Navigation

Deploy Sharded Cluster using Hashed Sharding

Overview

Hashed shard keys use a hashed index of a single field as the shard key to partition data across your sharded cluster.

Hashed sharding provides a more even data distribution across the sharded cluster at the cost of reducing Query Isolation. With hashed sharding, documents with “close” shard key values are unlikely to be on the same chunk or shard, and the mongos is more likely to perform Broadcast Operations to fulfill a given query.

If you already have a sharded cluster deployed, skip to Shard a Collection using Hashed Sharding.

Atlas, CloudManager and OpsManager

If you are currently using or are planning to use Atlas, Cloud Manager or Ops Manager, refer to their respective manual for instructions on deploying a sharded cluster:

Considerations

Operating System

This tutorial uses the mongod and mongos programs.
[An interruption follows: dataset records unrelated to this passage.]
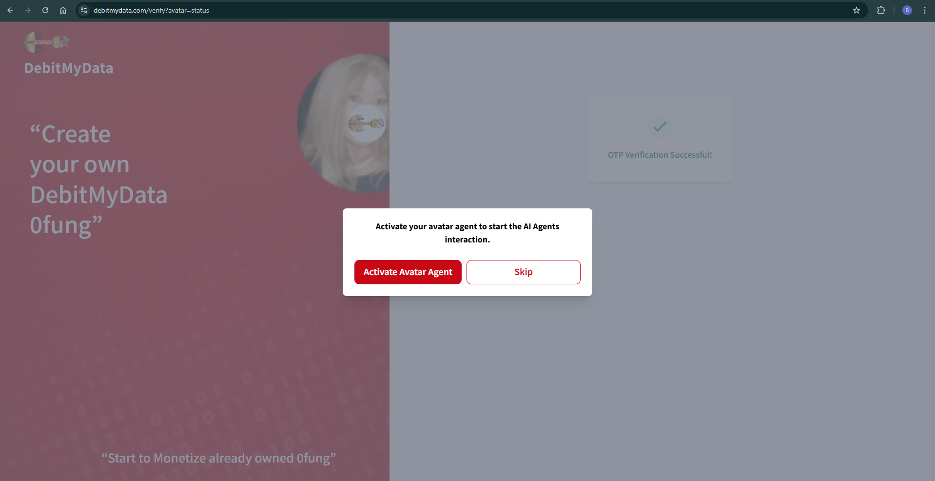 Once your wallet setup is complete, a Create Avatar Agent popup will appear. This is the first step in setting up your personalized digital identity.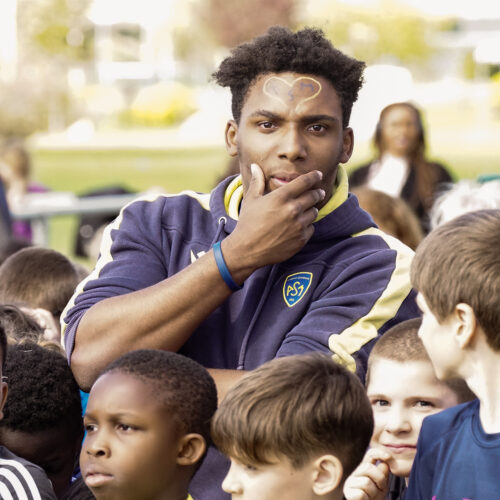 Notre partenaire Volvic, qui assurait la dotation en eau pour l’événement, tenait un stand promouvant la petite mêlée et permettant aux petits et grands de goûter les nouvelles eaux aromatisées.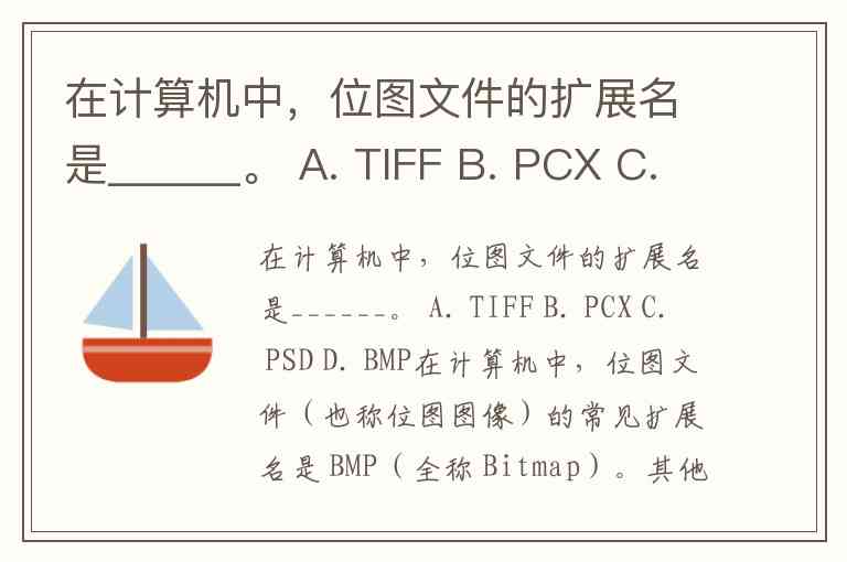 在计算机中,位图文件的扩展名是______。 A. TIFF B. PCX C. PSD D. BMP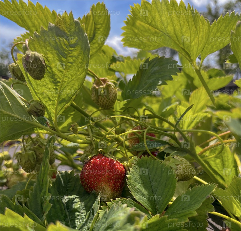 Красная клубника созревает на открытом воздухе в мае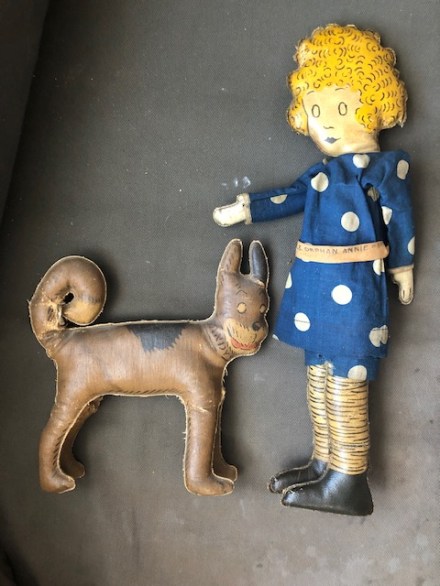I assume that these oilcloth toys came out of earlier, more homely, variations and that from them eventually come the premiums that you were required to sew yourself. I recently examined those via an acquisition of a Kellogg’s Crinkle Cat. (You can read that post here.) Oilcloth is sturdy and Annie is solidly made. There is evidence that she was much played with and beloved. As much as I like my toys in good condition, it is good to know they have been well used and loved too.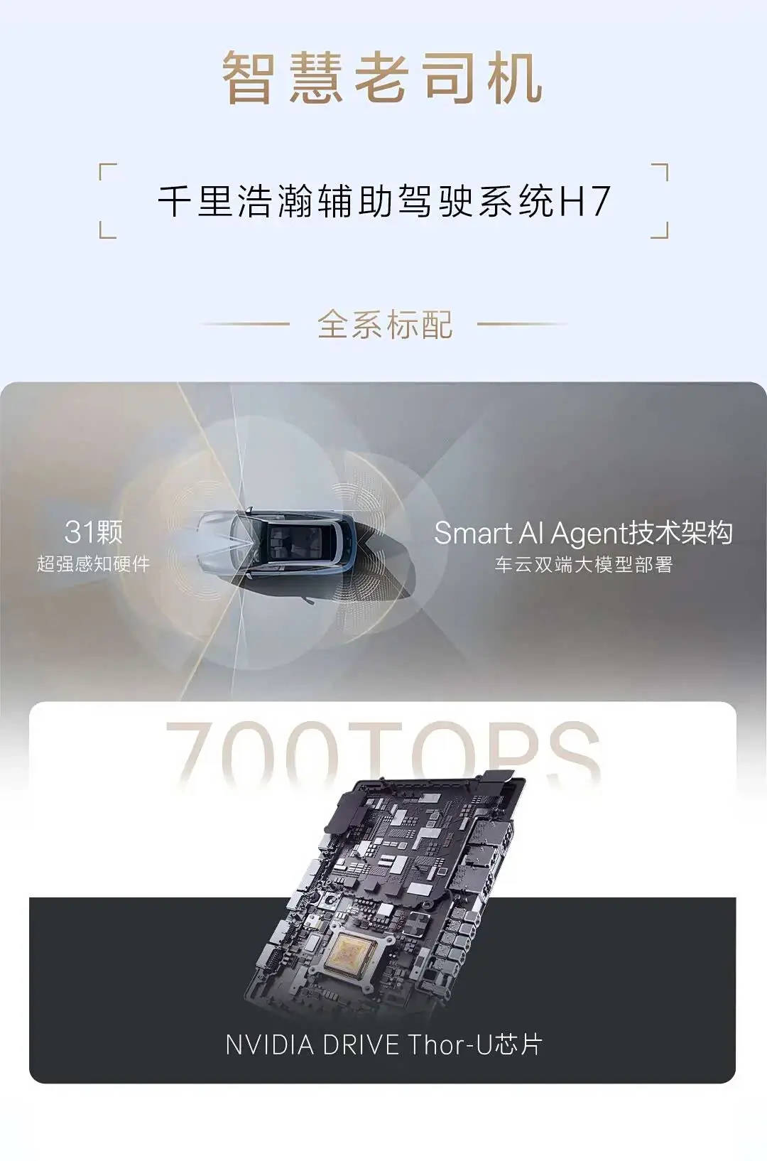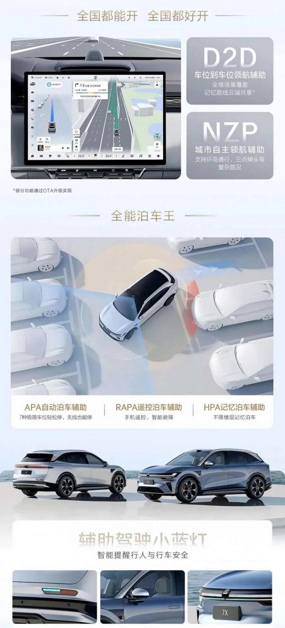 輔助駕駛方面,新款極氪7X全系標配千里浩瀚輔助駕駛系統H7,31顆感知硬件搭配最高算力達700TOPS的英偉達Thor-U芯片,再加上Smart AI Agent技術架構的加持。可實現D2D車位到車位領航輔助、NZP城市自主領航輔助、APA自動泊車輔助、RAPA遙控泊車輔助等泊車功能。

Windows users should use the mongod.exe and mongos.exe programs instead.

IP Binding

Use the bind_ip option to ensure that MongoDB listens for connections from applications on configured addresses.

Changed in version 3.6: Starting in MongoDB 3.6, MongoDB binaries, mongod and mongos, bind to localhost (127.0.0.1) by default. If the net.ipv6 configuration file setting or the --ipv6 command line option is set for the binary, the binary additionally binds to the IPv6 address ::1.

Previously, starting from MongoDB 2.6, only the binaries from the official MongoDB RPM (Red Hat, CentOS, Fedora Linux, and derivatives) and DEB (Debian, Ubuntu, and derivatives) packages bind to localhost by default.

When bound only to the localhost, these MongoDB 3.6 binaries can only accept connections from clients (including the mongo shell, other members in your deployment for replica sets and sharded clusters) that are running on the same machine. Remote clients cannot connect to the binaries bound only to localhost.

To override and bind to other ip addresses, you can use the net.bindIp configuration file setting or the --bind_ip command-line option to specify a list of ip addresses.

Warning

Before you bind to other ip addresses, consider enabling access control and other security measures listed in Security Checklist to prevent unauthorized access.

For example, the following mongod instance binds to both the localhost and the sample ip address 198.51.100.1:

mongod --bind_ip localhost,198.51.100.1

In order to connect to this instance, remote clients must specify the ip address 198.51.100.1 or the hostname associated with the ip address:

mongo --host 198.51.100.1

mongo --host My-Example-Associated-Hostname

Security

This tutorial does not include the required steps for configuring Internal Authentication or Role-Based Access Control. See Deploy Sharded Cluster with Keyfile Access Control for a tutorial on deploying a sharded cluster with a keyfile.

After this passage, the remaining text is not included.